Among the lines below, the one containing "1月5日(月)~2月28日(土)の期間、" opens the range and the one containing "The only significant" closes it. Print that range exactly, without the pictures.

MATERIAL PROVIDED
----------
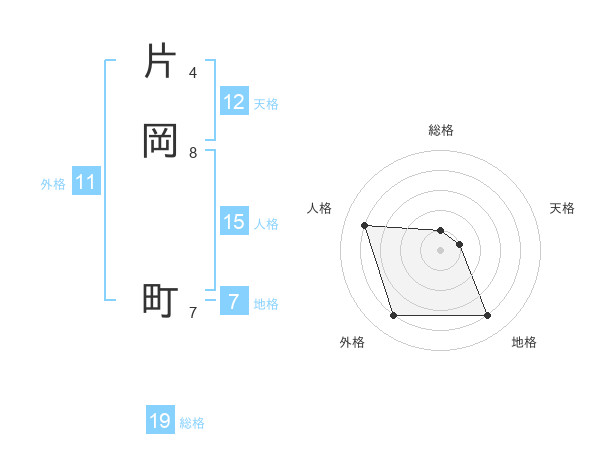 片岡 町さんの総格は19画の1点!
----------
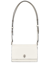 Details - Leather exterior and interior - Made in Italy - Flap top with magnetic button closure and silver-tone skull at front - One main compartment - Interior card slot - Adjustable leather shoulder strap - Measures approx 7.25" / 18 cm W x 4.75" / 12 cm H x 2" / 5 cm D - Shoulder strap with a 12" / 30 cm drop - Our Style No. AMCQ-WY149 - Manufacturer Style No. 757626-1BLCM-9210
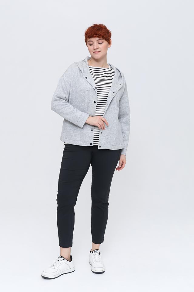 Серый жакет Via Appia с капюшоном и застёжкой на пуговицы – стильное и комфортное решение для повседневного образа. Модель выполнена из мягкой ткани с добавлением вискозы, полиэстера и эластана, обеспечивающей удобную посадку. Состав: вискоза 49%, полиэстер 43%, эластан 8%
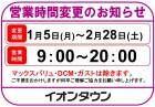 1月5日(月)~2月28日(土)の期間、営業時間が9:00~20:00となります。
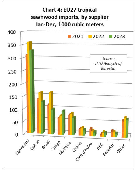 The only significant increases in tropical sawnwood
----------
SOLUTION TO THE EXERCISE
 1月5日(月)~2月28日(土)の期間、営業時間が9:00~20:00となります。
 The only significant increases in tropical sawnwood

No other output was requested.